▶ [Extracted data entries]:
'''

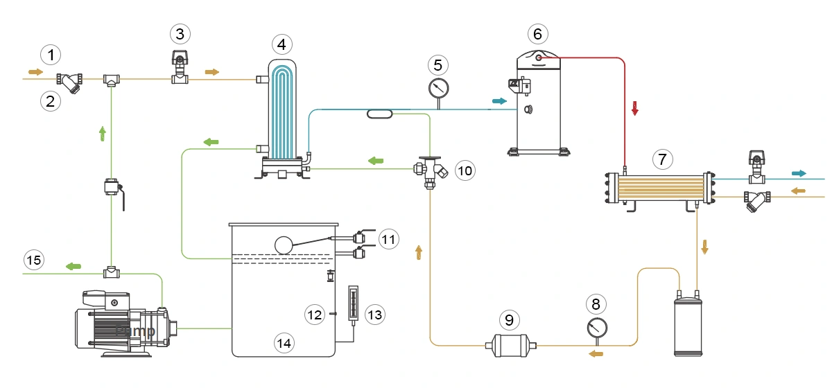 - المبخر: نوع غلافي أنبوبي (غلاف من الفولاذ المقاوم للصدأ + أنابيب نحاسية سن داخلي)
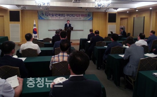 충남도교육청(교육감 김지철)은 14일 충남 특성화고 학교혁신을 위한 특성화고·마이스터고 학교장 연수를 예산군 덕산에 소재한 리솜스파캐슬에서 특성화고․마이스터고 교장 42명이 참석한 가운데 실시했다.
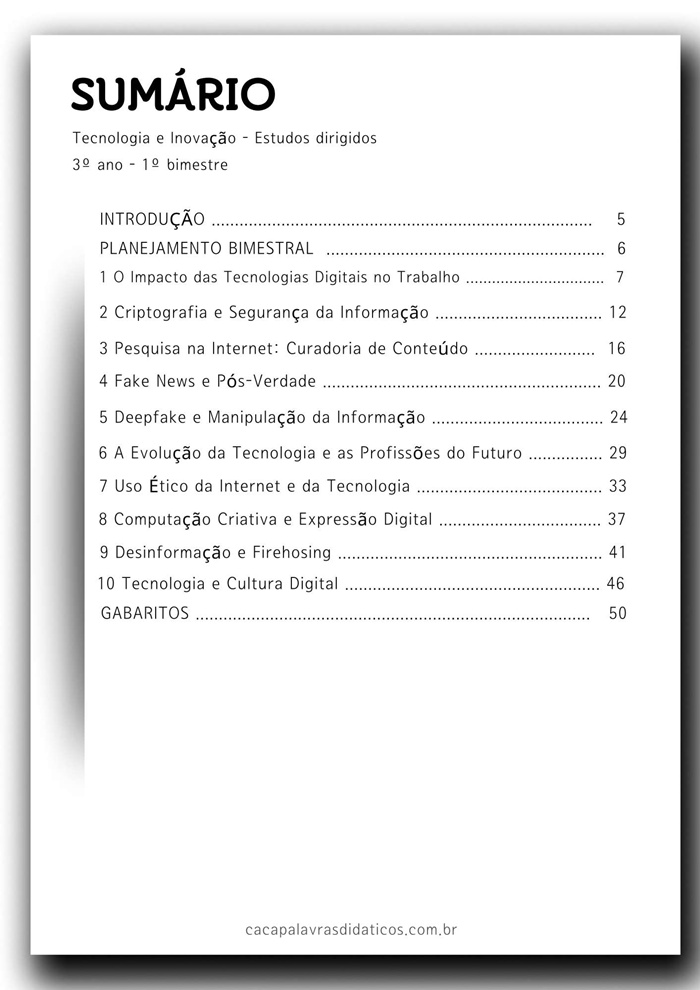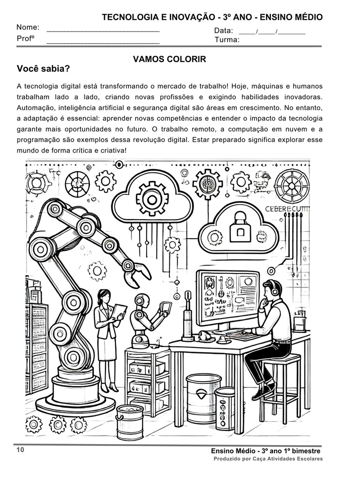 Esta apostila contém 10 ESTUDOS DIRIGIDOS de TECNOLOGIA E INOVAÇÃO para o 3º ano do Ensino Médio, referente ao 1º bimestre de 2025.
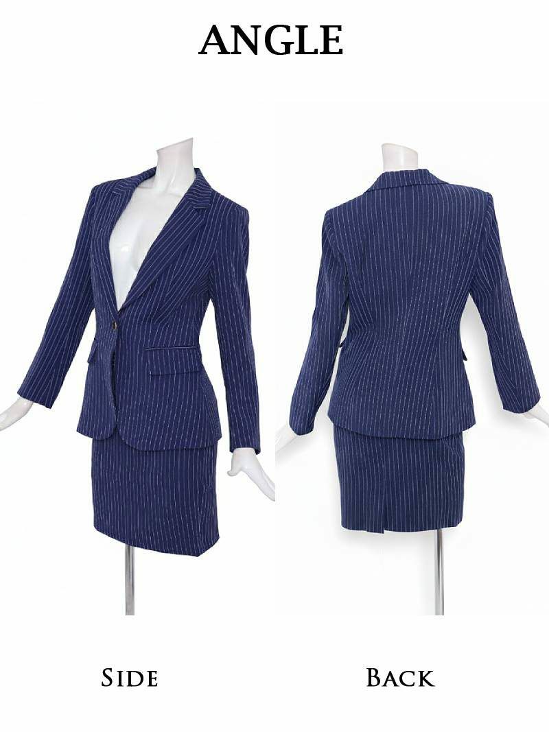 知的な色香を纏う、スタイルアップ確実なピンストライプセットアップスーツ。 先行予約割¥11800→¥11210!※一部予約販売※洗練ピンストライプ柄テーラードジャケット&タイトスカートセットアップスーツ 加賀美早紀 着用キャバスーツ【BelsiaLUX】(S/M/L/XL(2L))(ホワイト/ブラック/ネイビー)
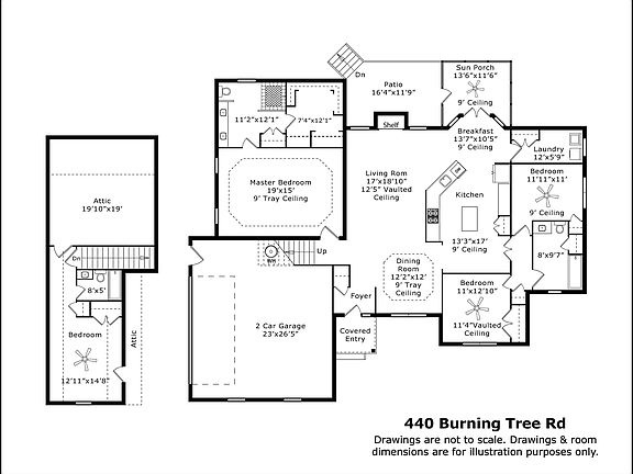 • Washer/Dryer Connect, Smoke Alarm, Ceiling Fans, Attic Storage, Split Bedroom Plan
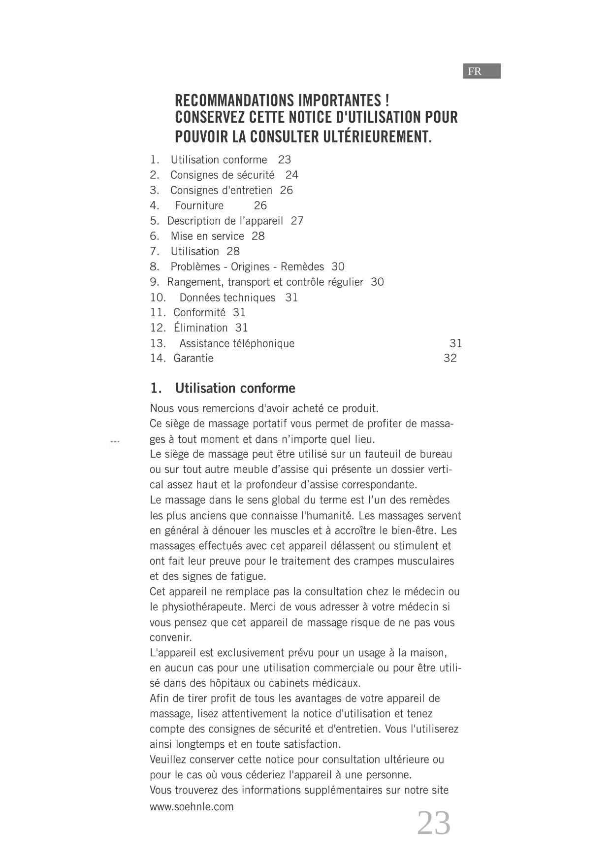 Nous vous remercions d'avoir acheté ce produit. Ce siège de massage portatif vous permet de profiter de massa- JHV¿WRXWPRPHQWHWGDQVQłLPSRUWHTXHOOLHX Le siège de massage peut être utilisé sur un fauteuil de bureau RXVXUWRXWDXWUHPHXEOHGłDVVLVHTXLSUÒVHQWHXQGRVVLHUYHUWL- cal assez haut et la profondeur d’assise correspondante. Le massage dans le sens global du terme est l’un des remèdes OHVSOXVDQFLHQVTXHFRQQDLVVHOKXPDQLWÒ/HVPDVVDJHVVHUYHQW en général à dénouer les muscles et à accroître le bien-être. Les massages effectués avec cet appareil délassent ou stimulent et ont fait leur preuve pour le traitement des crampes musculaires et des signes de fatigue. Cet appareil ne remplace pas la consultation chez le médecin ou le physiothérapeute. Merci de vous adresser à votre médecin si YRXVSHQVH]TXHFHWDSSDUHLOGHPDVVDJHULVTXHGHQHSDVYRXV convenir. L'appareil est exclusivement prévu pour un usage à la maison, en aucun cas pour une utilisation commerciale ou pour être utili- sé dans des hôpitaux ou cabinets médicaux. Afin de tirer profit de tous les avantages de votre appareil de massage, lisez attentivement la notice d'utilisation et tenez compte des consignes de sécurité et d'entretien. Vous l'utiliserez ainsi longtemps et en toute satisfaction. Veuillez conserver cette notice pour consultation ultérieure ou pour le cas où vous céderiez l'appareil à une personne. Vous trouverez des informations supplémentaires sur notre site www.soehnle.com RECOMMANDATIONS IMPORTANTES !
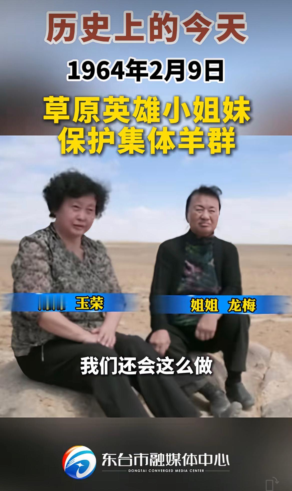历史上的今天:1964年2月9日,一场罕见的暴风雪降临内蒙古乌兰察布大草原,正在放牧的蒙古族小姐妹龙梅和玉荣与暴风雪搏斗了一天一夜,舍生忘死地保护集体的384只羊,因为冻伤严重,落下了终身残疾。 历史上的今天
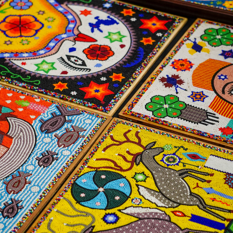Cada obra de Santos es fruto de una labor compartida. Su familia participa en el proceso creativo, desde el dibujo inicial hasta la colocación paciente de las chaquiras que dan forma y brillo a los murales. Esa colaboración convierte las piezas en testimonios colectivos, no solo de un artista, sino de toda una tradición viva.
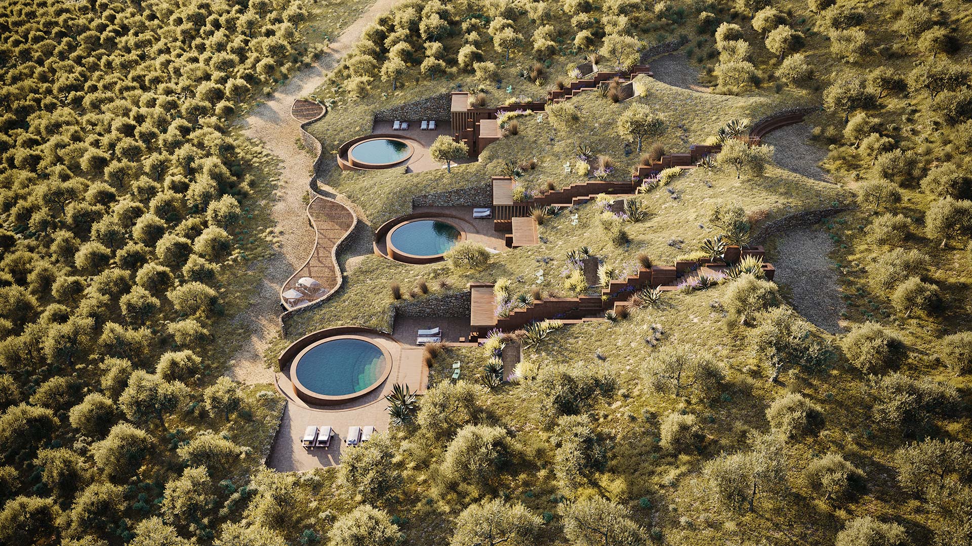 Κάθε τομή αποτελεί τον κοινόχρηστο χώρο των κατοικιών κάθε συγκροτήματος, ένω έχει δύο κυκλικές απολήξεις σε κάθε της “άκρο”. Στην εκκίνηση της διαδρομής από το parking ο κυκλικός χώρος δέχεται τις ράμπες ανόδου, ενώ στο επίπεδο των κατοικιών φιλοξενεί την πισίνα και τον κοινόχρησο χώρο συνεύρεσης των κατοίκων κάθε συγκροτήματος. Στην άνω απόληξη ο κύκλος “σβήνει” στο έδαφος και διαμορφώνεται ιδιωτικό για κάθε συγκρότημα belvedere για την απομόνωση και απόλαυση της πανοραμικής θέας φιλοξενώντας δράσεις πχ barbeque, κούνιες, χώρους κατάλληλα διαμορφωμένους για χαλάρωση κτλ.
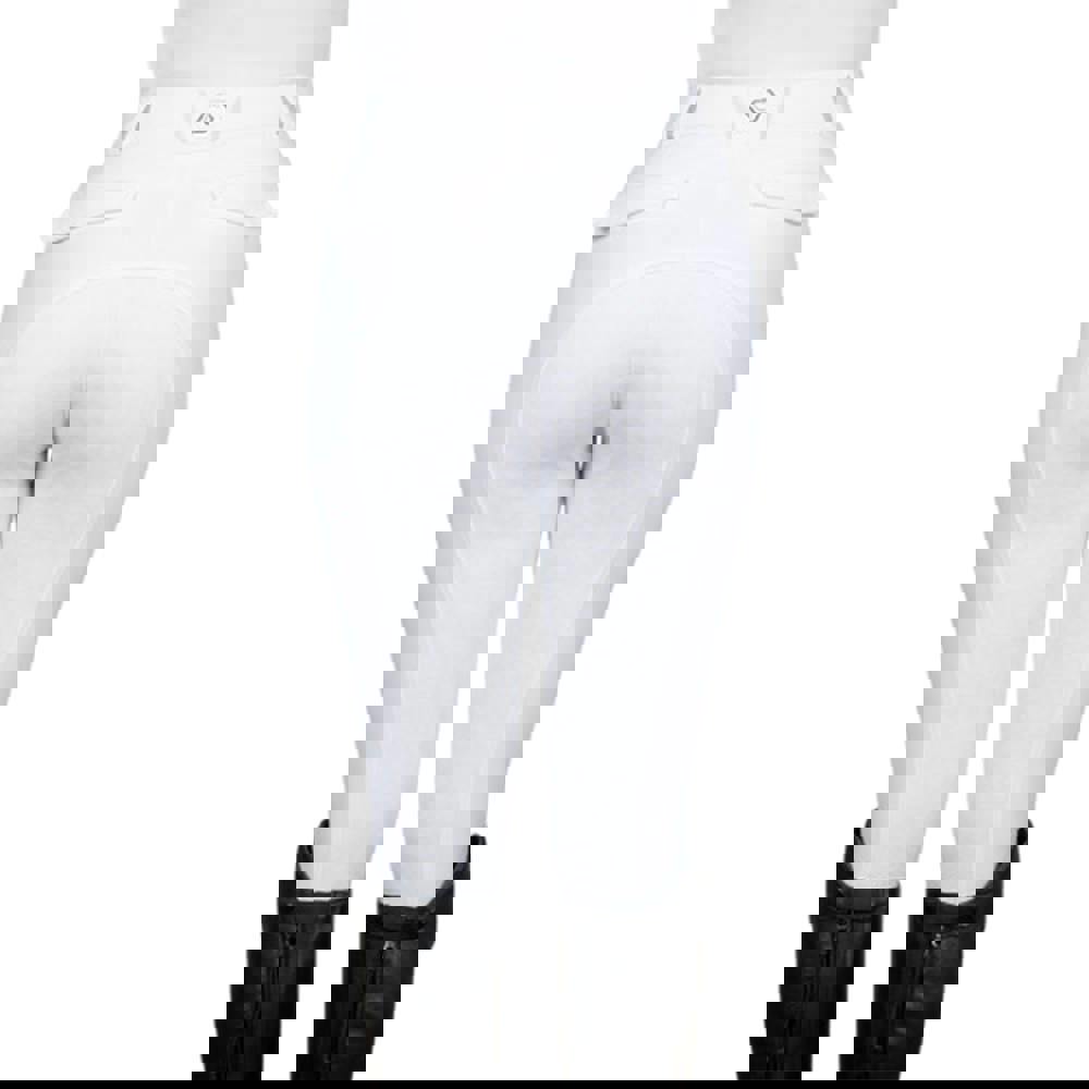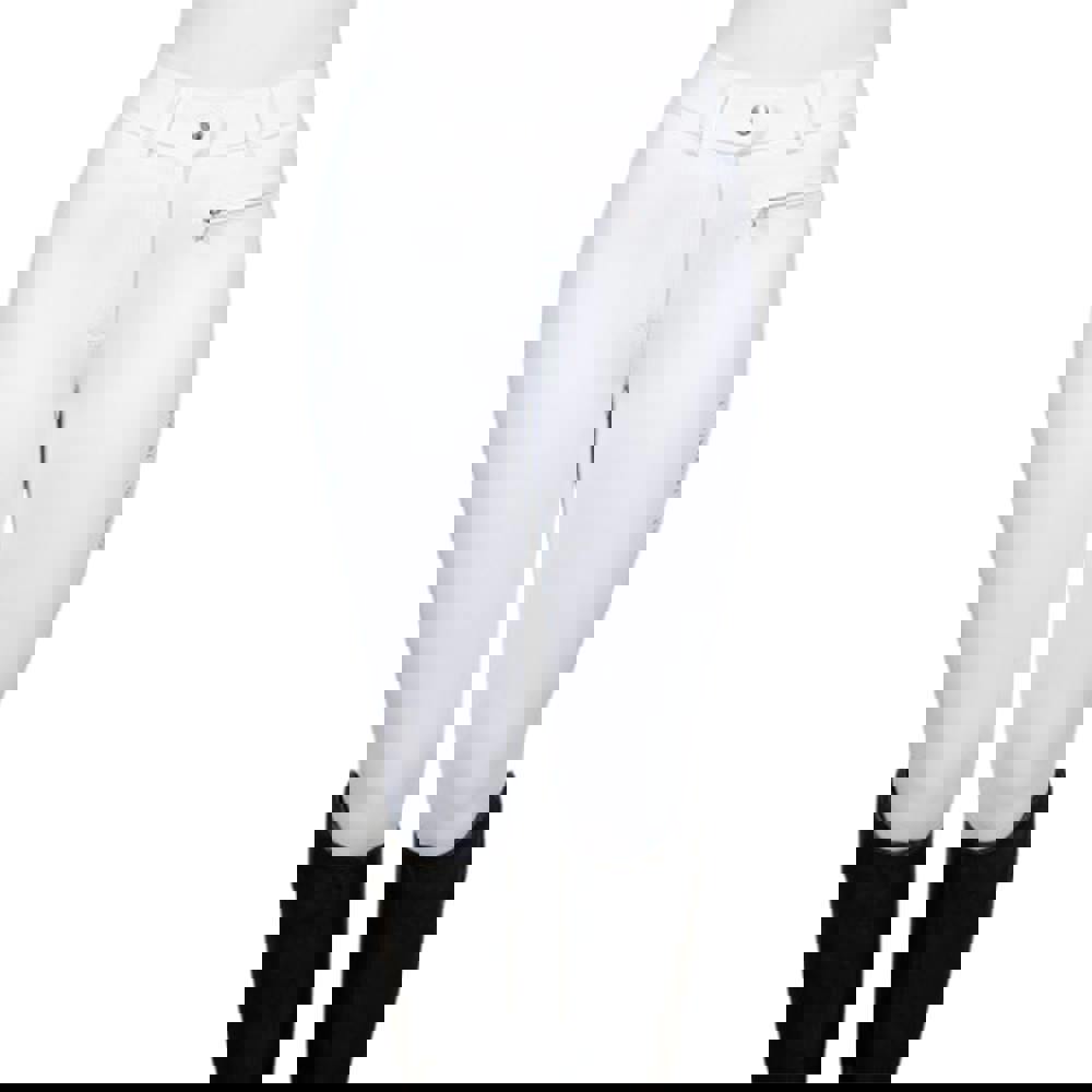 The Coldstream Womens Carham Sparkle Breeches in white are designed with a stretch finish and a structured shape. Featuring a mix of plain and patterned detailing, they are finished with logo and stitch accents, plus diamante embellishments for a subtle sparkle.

'''

▶ [Your instructions]: Repeat the data above word for word, without pictures.

▶ [Written response]:
 - المبخر: نوع غلافي أنبوبي (غلاف من الفولاذ المقاوم للصدأ + أنابيب نحاسية سن داخلي)
 충남도교육청(교육감 김지철)은 14일 충남 특성화고 학교혁신을 위한 특성화고·마이스터고 학교장 연수를 예산군 덕산에 소재한 리솜스파캐슬에서 특성화고․마이스터고 교장 42명이 참석한 가운데 실시했다.
 Esta apostila contém 10 ESTUDOS DIRIGIDOS de TECNOLOGIA E INOVAÇÃO para o 3º ano do Ensino Médio, referente ao 1º bimestre de 2025.
 知的な色香を纏う、スタイルアップ確実なピンストライプセットアップスーツ。 先行予約割¥11800→¥11210!※一部予約販売※洗練ピンストライプ柄テーラードジャケット&タイトスカートセットアップスーツ 加賀美早紀 着用キャバスーツ【BelsiaLUX】(S/M/L/XL(2L))(ホワイト/ブラック/ネイビー)
 • Washer/Dryer Connect, Smoke Alarm, Ceiling Fans, Attic Storage, Split Bedroom Plan
 Nous vous remercions d'avoir acheté ce produit. Ce siège de massage portatif vous permet de profiter de massa- JHV¿WRXWPRPHQWHWGDQVQłLPSRUWHTXHOOLHX Le siège de massage peut être utilisé sur un fauteuil de bureau RXVXUWRXWDXWUHPHXEOHGłDVVLVHTXLSUÒVHQWHXQGRVVLHUYHUWL- cal assez haut et la profondeur d’assise correspondante. Le massage dans le sens global du terme est l’un des remèdes OHVSOXVDQFLHQVTXHFRQQDLVVHOKXPDQLWÒ/HVPDVVDJHVVHUYHQW en général à dénouer les muscles et à accroître le bien-être. Les massages effectués avec cet appareil délassent ou stimulent et ont fait leur preuve pour le traitement des crampes musculaires et des signes de fatigue. Cet appareil ne remplace pas la consultation chez le médecin ou le physiothérapeute. Merci de vous adresser à votre médecin si YRXVSHQVH]TXHFHWDSSDUHLOGHPDVVDJHULVTXHGHQHSDVYRXV convenir. L'appareil est exclusivement prévu pour un usage à la maison, en aucun cas pour une utilisation commerciale ou pour être utili- sé dans des hôpitaux ou cabinets médicaux. Afin de tirer profit de tous les avantages de votre appareil de massage, lisez attentivement la notice d'utilisation et tenez compte des consignes de sécurité et d'entretien. Vous l'utiliserez ainsi longtemps et en toute satisfaction. Veuillez conserver cette notice pour consultation ultérieure ou pour le cas où vous céderiez l'appareil à une personne. Vous trouverez des informations supplémentaires sur notre site www.soehnle.com RECOMMANDATIONS IMPORTANTES !
历史上的今天:1964年2月9日,一场罕见的暴风雪降临内蒙古乌兰察布大草原,正在放牧的蒙古族小姐妹龙梅和玉荣与暴风雪搏斗了一天一夜,舍生忘死地保护集体的384只羊,因为冻伤严重,落下了终身残疾。 历史上的今天
Cada obra de Santos es fruto de una labor compartida. Su familia participa en el proceso creativo, desde el dibujo inicial hasta la colocación paciente de las chaquiras que dan forma y brillo a los murales. Esa colaboración convierte las piezas en testimonios colectivos, no solo de un artista, sino de toda una tradición viva.
 Κάθε τομή αποτελεί τον κοινόχρηστο χώρο των κατοικιών κάθε συγκροτήματος, ένω έχει δύο κυκλικές απολήξεις σε κάθε της “άκρο”. Στην εκκίνηση της διαδρομής από το parking ο κυκλικός χώρος δέχεται τις ράμπες ανόδου, ενώ στο επίπεδο των κατοικιών φιλοξενεί την πισίνα και τον κοινόχρησο χώρο συνεύρεσης των κατοίκων κάθε συγκροτήματος. Στην άνω απόληξη ο κύκλος “σβήνει” στο έδαφος και διαμορφώνεται ιδιωτικό για κάθε συγκρότημα belvedere για την απομόνωση και απόλαυση της πανοραμικής θέας φιλοξενώντας δράσεις πχ barbeque, κούνιες, χώρους κατάλληλα διαμορφωμένους για χαλάρωση κτλ.
 The Coldstream Womens Carham Sparkle Breeches in white are designed with a stretch finish and a structured shape. Featuring a mix of plain and patterned detailing, they are finished with logo and stitch accents, plus diamante embellishments for a subtle sparkle.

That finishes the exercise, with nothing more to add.